Fantastic trip, thanks for posting. We were just out in Needles, such an amazing place.


----------



## greenwater (Jul 13, 2010)

jan_nikolajsen, 

Great photos! Looks like a fantastic trip. I love that loop. However, I'm not familiar with the "seldom used path" that you mentioned. Do you mind sharing some details on that. Also, you wouldn't happen to have UTM's on that cow trough would you? 
Thanks,
Andrew


----------



## jan_nikolajsen (Oct 28, 2011)

28/29 WIT said:


> Jan,
> 
> Thank you far sharing. I am doing my first bikepacking trip the end of this month and your pictures just got me more excited! The bag on the top tube of the Tallboy, who makes that and are you happy with it? That is what I need.

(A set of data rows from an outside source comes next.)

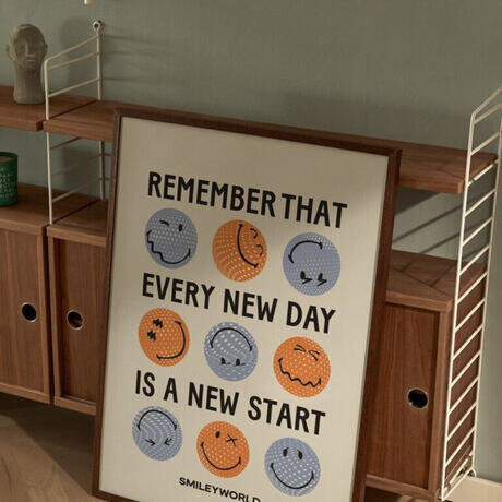 SmileyWorld® x Плакат. Символы SmileyWorld® красного и синего цветов, игриво подмигивающие на кремовом фоне. Текст сообщения призывает по-новому взглянуть на жизнь.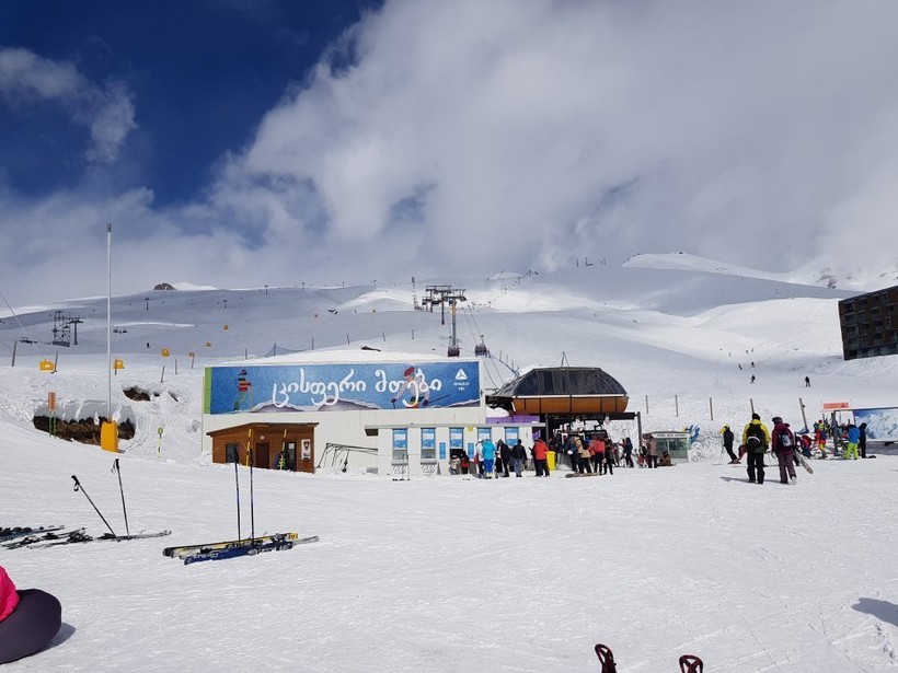 Отдыхая в Казбеги, загляните на ближайший горнолыжный курорт Гудаури. Снежное покрытие в марте хорошее. Не забудьте намазаться солнцезащитным кремом, у меня лицо после дня катания напоминало спелый помидор.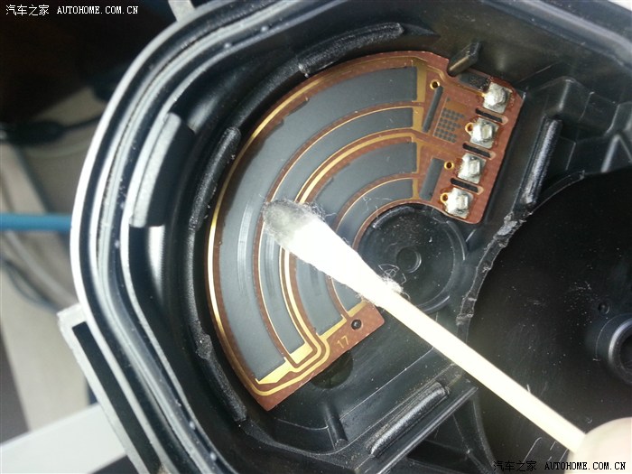 想当初80年代的时候,我经常帮邻居,父母的朋友修理电器,当时收录机的音量旋钮用久了,喇叭里就会出现卡啦,卡啦的噪声,我都是拆开音量电位器,然后用酒精清洁一下碳膜和电刷,因为电位器使用多了,由于电刷的转动,会有一些粉末产生,照成电刷对碳膜的接触不好,同时由于空气的影响,会有一些氧化物在上面。所以我当时就知道的这个节气门传感器的故障根源了。请看下图我来验证是不是这个原因,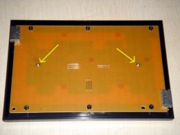 Danach hebt man die Platine ab. Wenn sich die Platine an den sechs Führungshülsen verhaken sollte, kann man vorsichtig mit dem Schraubendreher etwas hebeln. Nach dem Entfernen sieht man dann die Leitgummistücke der Tasten. Keine Panik, falls einer fehlen sollte, manchmal verklebt sich das Gummi mit der Platine, man kann es problemlos abziehen.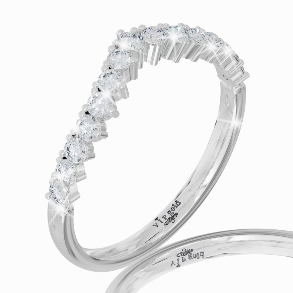Nádherný jemný prsteň v tvare pomyselnej korunky, vyrobený zo 14 karátového bieleho zlata.

I made it myself..wasn't too hard but still took half a day and it doesn't hold much more than a 70 oz bladder or a few small tidbits



hunter006 said:


> I love the photos, but I can't help but think, "What if they hadn't found water?" Was there a contingency plan if you couldn't find water?


My wife is a true desert rat who has roamed on foot in our general area here for many years, and she claims there's always some moisture to be found.



greenwater said:


> jan_nikolajsen,
> 
> Great photos! Looks like a fantastic trip. I love that loop. However, I'm not familiar with the "seldom used path" that you mentioned. Do you mind sharing some details on that. Also, you wouldn't happen to have UTM's on that cow trough would you?
> Thanks,
> Andrew


We actually went around and checked 4 of the 6 springs we saw on our map of Beef Basin and they all provided a trickle of water. The one on the pic is Stanley Spring, the first water source one gets to as you drop down from Elk Ridge. The "seldom used path" is a prominently marked jeep road on the Latitude 40 map that's actually barely existing. It's the one supposedly accessing the also obscure Bright Angel Trail down to Salt Creek. Hope this helps.


----------



## She&I (Jan 4, 2010)

Great job on the outing and thanks for the cool photos, jan. Good family fun :thumbsup:


----------



## veloborealis (Oct 25, 2009)

Enjoyed the pics and report. Loved that you did this as a family trip.


----------